To achieve this speedup, Synopsys has announced that it is using NVIDIA CUDA-X libraries to optimise its solutions for next-generation semiconductor development. The company is also expanding support for the NVIDIA Grace CPU architecture and enabling more than 15 Synopsys solutions in 2025.
Commenting Sassine Ghazi, president and CEO of Synopsys said, "Synopsys technology is mission-critical to the productivity and capabilities of engineering teams from silicon to systems. By harnessing the performance of NVIDIA accelerated computing, we can help customers unlock new breakthroughs and deliver innovation even faster."
"Chip design is one of the most complex engineering challenges in human history," said Jensen Huang, founder and CEO of NVIDIA. "With NVIDIA Blackwell and CUDA-X, Synopsys is cutting simulation times from days to hours - advancing chip design to power the AI revolution."
Synopsys and NVIDIA are advancing a multi-year collaborative effort to accelerate electronic design automation (EDA) workloads. Synopsys is applying NVIDIA accelerated compute architectures, including the NVIDIA GB200 Grace Blackwell Superchip, to achieve significant, projected runtime gains for workflows including circuit simulation, computational lithography, Technology Computer-Aided Design (TCAD), physical verification, and materials engineering.
These accelerated workflows include:
Circuit Simulation: Synopsys PrimeSim SPICE simulation workloads are projected to achieve a 30x speed up utilising the NVIDIA Grace Blackwell platform. At present, customers can achieve up to 15x speed with NVIDIA GH200 Superchips. NVIDIA accelerated computing architectures enable the simulation of challenging circuits to achieve signoff with SPICE-level accuracy, reducing runtimes from days to hours.
Computational Lithography: Synopsys Proteus provides optical proximity correction (OPC) software and inverse imaging technology (ILT) to resolve challenges at leading technology nodes. By leveraging NVIDIA technologies, Synopsys can deliver ‘game-changing’ technology to advance this computationally intensive manufacturing process. At present, Synopsys Proteus is optimised for NVIDIA H100 GPUs and integrated with the NVIDIA cuLitho library, achieving a 15x speed up of OPC. By leveraging the NVIDIA Blackwell platform, however Synopsys Proteus is expected to accelerate computational lithography simulations by up to 20x.
TCAD Simulation: Early results applying GPU-enabled capabilities and NVIDIA CUDA-X libraries to the Synopsys Sentauras TCAD process and device simulation solution is projected to accelerate time to results up to 10x. This solution is currently under development and is expected to be available to customers later this year.
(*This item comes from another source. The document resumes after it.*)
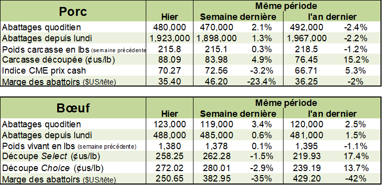 De plus, la demande étrangère pourrait demeurer forte en raison de la demande provenant de tous les pays du Sud-est asiatique qui sont encore au prise avec le virus de la fièvre porcine africaine (Corée du Sud, Vietnam, Philippines, etc).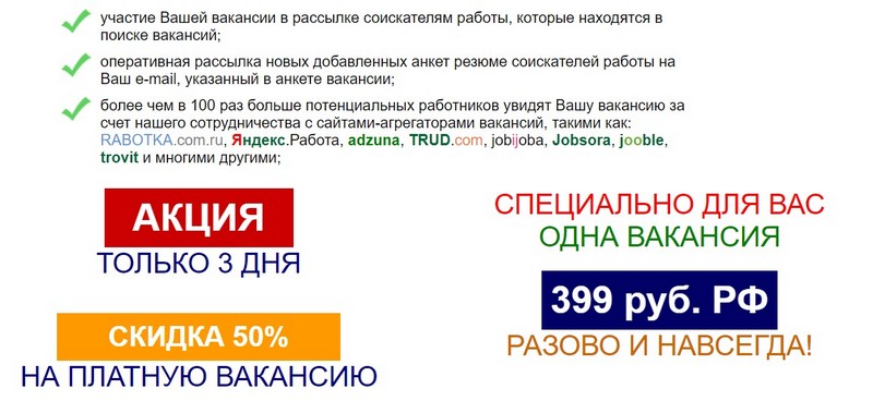 Сайт пытается заработать на размещении у себя вакансий от работодателей и резюме от соискателей. Конечно, их якобы можно разместить бесплатно, но нужно ждать 30 дней, чтобы объявление опубликовали. Сайт предлагает решение для ускорения процесса — разместить платно. И просит за публикацию одной вакансии 399 российских рублей (примерно 14 беларуских рублей).

Materials Engineering: Synopsys QuantumATK delivers atomic-scale modelling for semiconductor and materials research and development. Utilising CUDA-X libraries on the NVIDIA Hopper architecture can accelerate time to results up to 100x, enabling customers to simulate and analyse a wide range of materials with greater efficiency.
Synopsys said that it plans to continue enabling accelerated computing on NVIDIA platforms throughout its portfolio.
Synopsys and NVDIA's efforts to accelerate chip design also extend to speeding chip design with generative AI using NVIDIA NIM microservices.
For example, customers using Synopsys' Gen AI-powered knowledge assistant, Synopsys.ai Copilot, are seeing an average 2x productivity improvement compared to prior methods. The integration of NVIDIA NIM microservices is projected to enable an additional 2x speedup for even faster time to answers.
Additionally, Synopsys is enabling more than 15 solutions using the Grace CPU architecture for Synopsys EDA workloads spanning circuit simulation, physical verification, static timing analysis, and functional verification.
The company plans to further increase support on the Grace CPU architecture in 2025.